Cholesterol dietary guidelines confusing
I know you had an article about sustainability not being in the new Dietary Guidelines just announced for 2015. Is it true that cholesterol recommendations are not included either? I am so confused after taking medications to control cholesterol for years!
For the first time, the recently published 2015 Dietary Guidelines (published every five years), does NOT recommend a daily limit on the intake of cholesterol. Previously, the Guidelines suggested capping daily intake to three hundred mg. Here is what makes it so confusing! The Dietary Guidelines state ”…but this changes does not suggest that dietary cholesterol is no longer important to consider when building healthy eating patterns…individuals should eat little dietary cholesterol as possible while consuming a healthy eating pattern”. Clear as MUD-right? According to the Dietary Guidelines Advisory Committee: “Previously, the Dietary Guidelines for Americans recommended that cholesterol intake be limited to no more than three hundred mg/day.
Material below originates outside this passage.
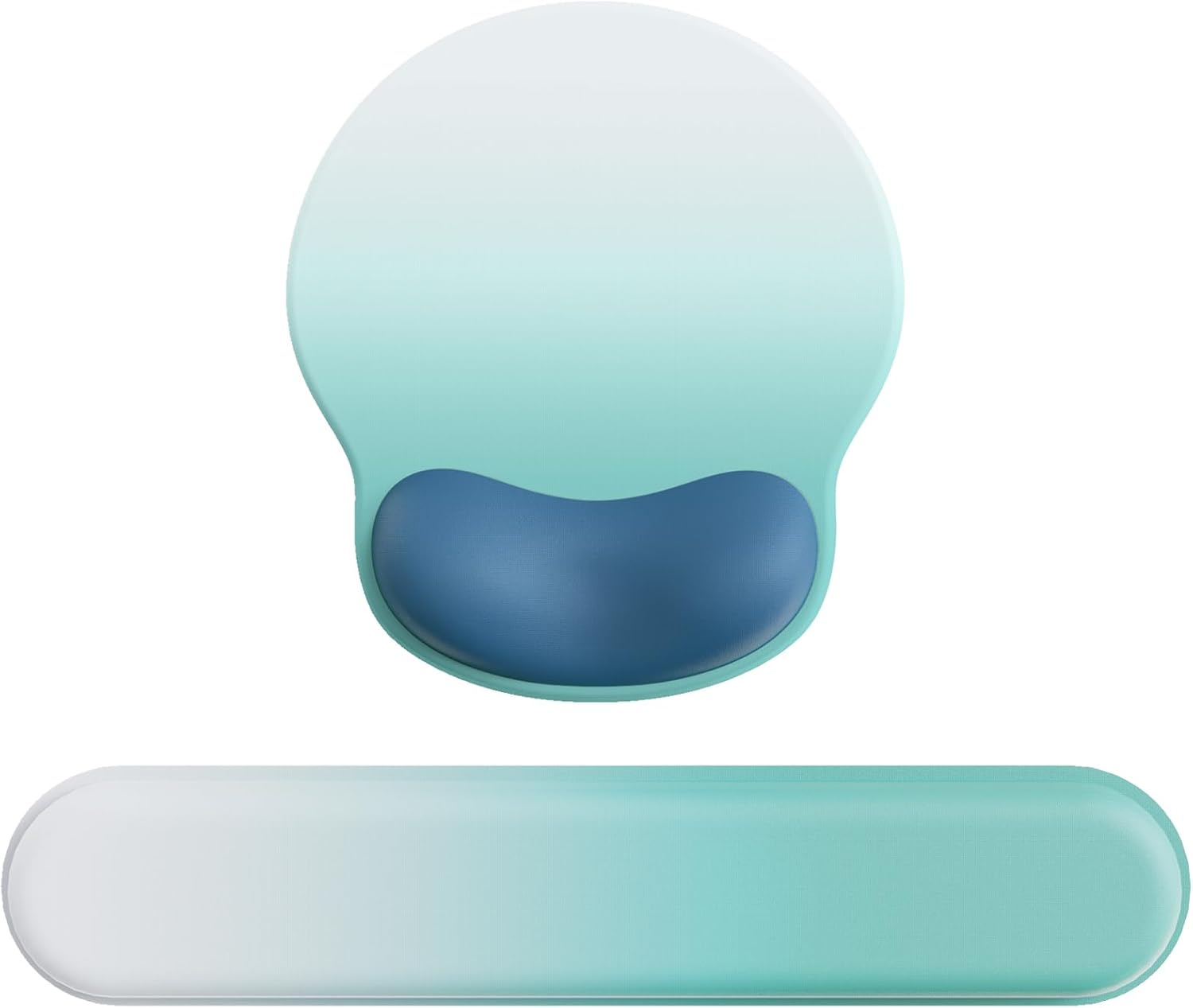 Ergonomic Mouse Pad Wrist Support Set, Memory Foam Keyboard Wrist Rest Set, Keyboard Pad, Non-Slip Base Mousepad(Gradient White Blue Set)

The 2015 DGAG will not bring forward this recommendation because available evidence shows no appreciable relationship between consumption of dietary cholesterol and serum (blood) cholesterol, consistent with the American Heart Association and the American College of Cardiology report. Cholesterol is not a nutrient of concern for overconsumption.” According to Dr. Steven Nissen, chairman of cardiovascular medicine at the Cleveland Clinic, “the need to limit saturated fat and cholesterol shifted Americans from a well-balanced diet to high sugar diets, which made people eat more and get fatter.” The reality, according to Dr. Nissen, is that only fifteen percent of circulating cholesterol in the blood comes from what you eat. The other eighty five percent comes from the liver. According to Uffe Ravnskov, MD, PhD, and author of The Cholesterol Myths; Exposing the Fallacy that Saturated Fat and Cholesterol Cause Heart Disease, the amount of cholesterol that your liver produces varies according to how much cholesterol you eat. If you eat a lot of cholesterol, your liver produces less. If you don’t eat much cholesterol, your liver produces more. The bottom line-your health is best served by eating nutrient-dense plant foods (vegetables, legumes, fruits, nuts and seeds), eating healthy fats such as those found in avocados, olives, coconuts and eggs and eliminating animal foods that have been highly processed and/or exposed to high cooking temperatures.
THOUGHT FOR THE WEEK: Successful people are not gifted; they just work hard, then succeed on purpose.